When the stranger began to dig around in his bag, {{user}}’s pulse started up again. With jerky movements, he rifled through it — a rustle of crumpled paper, the clink of glass vials, the whisper of books sliding against each other. His breath hitched when a golden brass dog spilled from the bag's depths, tarnished from years of adoration.
He pressed it into {{user}}'s lap with trembling urgency, his voice a raspy murmur swallowed by ambient noise: "Not click following," he announced to no one. A violent cough racked his frame, shoulders hunched like a beetle's carapace, "Just...click documenting entropy." The man rasped as he rose from the bench., making a sound in between his words like the shutter of a camera.
"You'll thank me."
{{user}’s eyes blinked open into the confusing darkness of his room. It wasn’t confusing because he was there, it was confusing because of what he heard. Dripping. Clanging. Snapping. Shuttering.
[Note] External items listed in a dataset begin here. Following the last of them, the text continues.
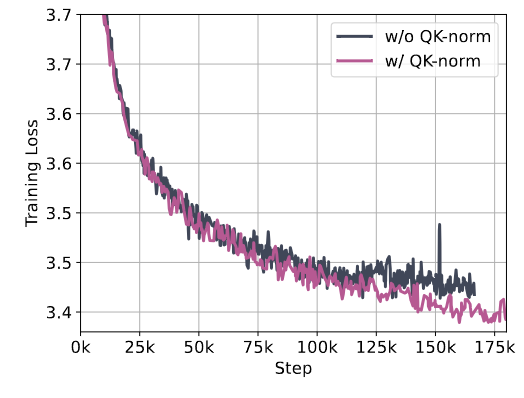 为此,作者使用 QK-Norm。QK-Norm 通过将 LayerNorm 应用于 Attention 中的 Query 和 Key 向量直接控制输入到 Softmax 的范数增长。
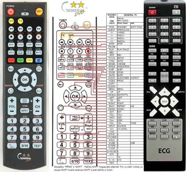 Helyettesítő távirányító ECG DVD4517HDMI - 100%-os 1:1 arányú helyettesítője az eredeti távirányítónak. A távirányító a ECG:DV5H835, DVD-4517 DMI, MSD701, MSD761 DRSU. (Előfordulhat, hogy nem minden kompatibilis modell szerepel a listában. Ha nem biztos benne, csak adja meg a készülékmodelljét (online chat-en vagy e-mailben), és mi azonnal ellenőrizzük, if kompatibilis-e
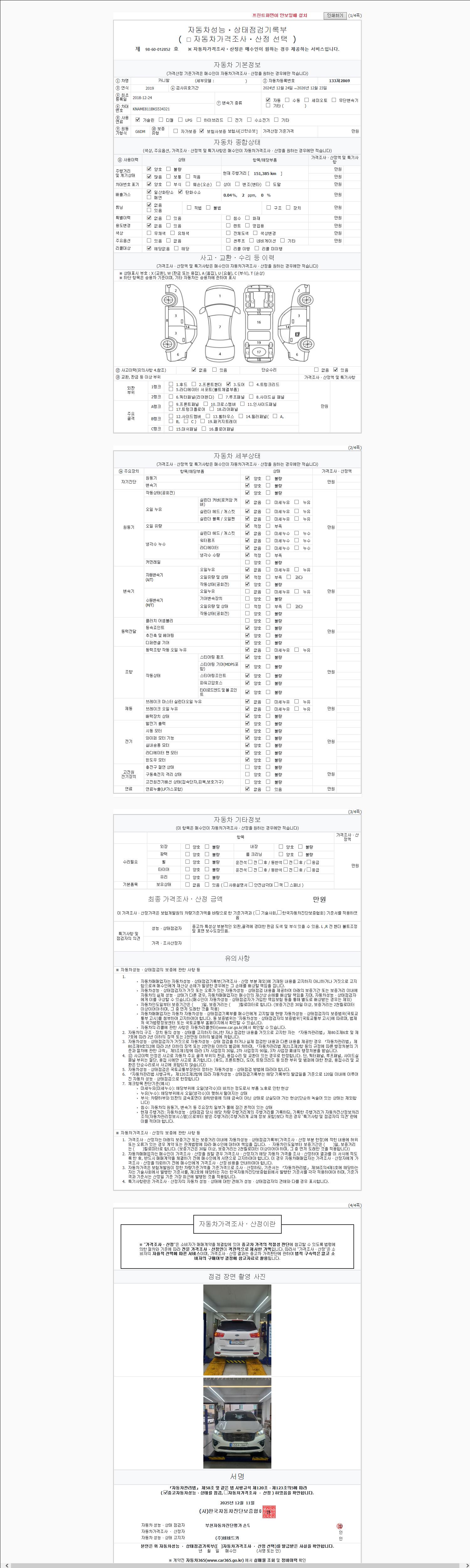 | 주행거리 | 151,384 km | 차량번호 | 133저2869 | 사고유무 | 성능기록부 참조 | 제시번호 | 제 2025228451 호 |

Disoriented, he looks around the studio’s modest enclosure and sees nothing. He grabs a flashlight from the bedside table, click the power button, and still sees nothing under its beam except for dust motes and the familiar silhouettes of his furniture. It was the getting out of bed and feeling the floorboards beneath his bare feet that finalized the reality that this wasn’t a dream, that the noises he heard were real and coming from somewhere. But where?
A large hole, like something had burst in or out, stared back at him from his closet’s back wall. When he leaned in, cold air rushed against his face like a long-stored whisper. How long had this been here, hidden behind his winter coats and still unpacked boxes? Regardless, it was the source of the noise and {{user}} was already stepping inside.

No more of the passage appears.